- Born: 14 November 1957 (age 68) Lansing, Michigan, United States
- Genres: Alternative rock
- Occupation(s): Recording engineer, record producer
- Years active: 1978-present

= Sean Slade =

American record producer

Sean Slade (born 14 November 1957) is an American record producer, engineer, and mixer. On many of his productions he worked in partnership with Paul Q. Kolderie.

==Career==

Slade was born in Lansing, Michigan, United States. He graduated from Yale University in 1978. Slade and Kolderie became friends at Yale, where they played in bands together. They both later relocated to Boston, where they became members of Sex Execs, a new wave music band of the early 1980s. The duo had their formative experience as producers while they were in Sex Execs. Most of the group lived in a house in Dorchester, Boston that was wired up as a primitive studio. In a 2018 interview, Slade discussed how their career as producers got started at that house with a four-track reel-to-reel recorder they had bought in New York.
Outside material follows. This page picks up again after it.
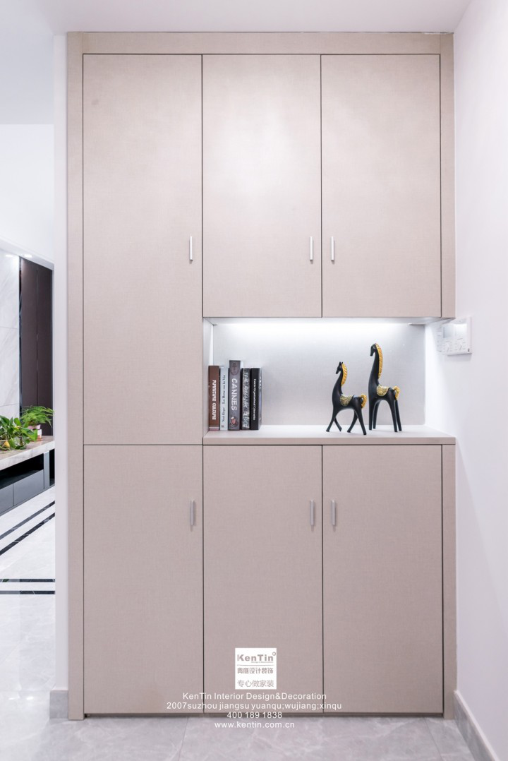玄關(guān)處墻內(nèi)嵌置柜體,增加儲物的同時更節(jié)約空間,擺放的書籍與裝飾品,非常耐看,進門就能看見如此小巧精致的物件,讓人賞心悅目,忘卻在外的煩惱與憂愁。

Other bands came over to record as well, including a local act called Three Colors, which featured saxophonist Dana Colley, later of Morphine. As Sex Execs became more successful, they started recording in professional studios such as Syncro Sound, which was owned by The Cars. As Kolderie recalled, they learned a lot from the engineers there.

In 1985, Slade and Kolderie co-founded Boston's Fort Apache Studios, along with Jim Fitting (another friend from Yale and Sex Execs) and Joe Harvard. The studio originated in Roxbury, but later relocated to Cambridge, Massachusetts. "We were all a part of that DIY kind of culture," said Slade. "The whole idea of getting someone in to design [the studio] wasn’t part of the plan. The plan was, 'Get a control room, get a playing room, get the wiring right, get a console, and then just start recording'."
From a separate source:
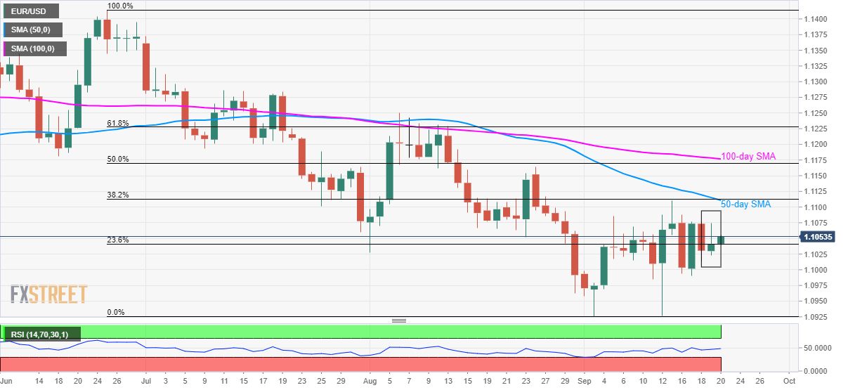 Having been supported by a bullish candlestick formation, EUR/USD takes the bids to 1.1050 during early Friday.

Slade remained active as a musician in the 1980s. He played rhythm guitar and occasionally sang and wrote songs for the Boston indie band Men & Volts, which also included Kolderie.
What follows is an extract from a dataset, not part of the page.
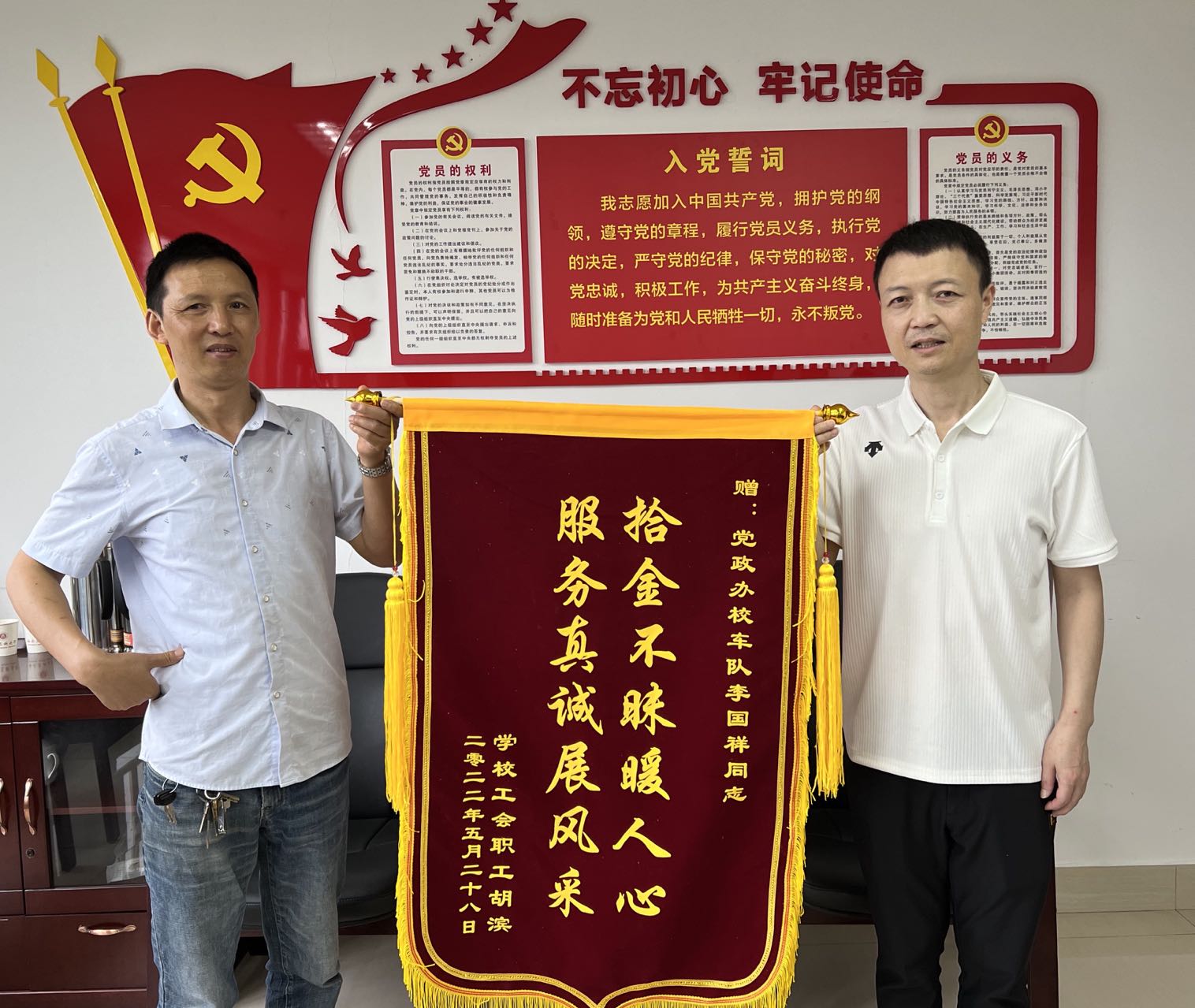 党政办公室主任唐柯指出,对李国祥师傅拾金不昧的行为、心底坦荡的品质表示崇敬;对其在日常工作中展现出来的党政办公室良好工作作风点赞;对车队全体驾驶员长期以来一丝不苟的工作态度及默默无闻为学校事业发展作出的贡献表示感谢;号召部门全体干部职工向李国祥师傅拾金不昧的行为学习!同时,他对部门全体干部职工分享了三点体会和提出希望要求。一是助人为乐、拾金不昧是中华民族优秀传统,传统是不能丢的,传统是需要继承和发扬光大的;二是好人就在身边,好事天天在发生;三是做好事、当好人,不论年龄、不论职务、不论岗位、不论身份、不论大小。希望全体干部职工把好政治的“方向盘”,开足前进的“油门”,守好底线的“刹车”,对外擦亮“车身”,对内优化“内饰”,为学校内涵式高质量发展作出新的更大贡献。

Slade and Kolderie co-produced Radiohead's debut album, Pablo Honey, which was released 1993. They were pivotal in convincing EMI Records to release "Creep" as the band's debut single prior to the album's release. The song initially failed to achieve commercial success, but after the album release in early 1993, "Creep" was re-released and became a worldwide hit.

Slade has produced and/or mixed recordings by such artists as Hole, Warren Zevon, Pixies, The Lemonheads, Juliana Hatfield, Morphine, Big Dipper, Dinosaur Jr., HumanKind, Uncle Tupelo, Tracy Bonham, Spacehog, the Mighty Mighty Bosstones, Suddenly, Tammy!, Lou Reed, The Boo Radleys, New Collisions, Sebadoh, Lush, the Go-Go's, The Dictators, Beth Sorrentino, Weezer, Kim Boekbinder, The Dresden Dolls, Echobelly, Buffalo Tom, and Papas Fritas.

He co-produced (with Kolderie) Hole's Live Through This, which went platinum within a year of its release and spawned four singles.

Slade is an Associate Professor of Music Production and Engineering at the Berklee College of Music.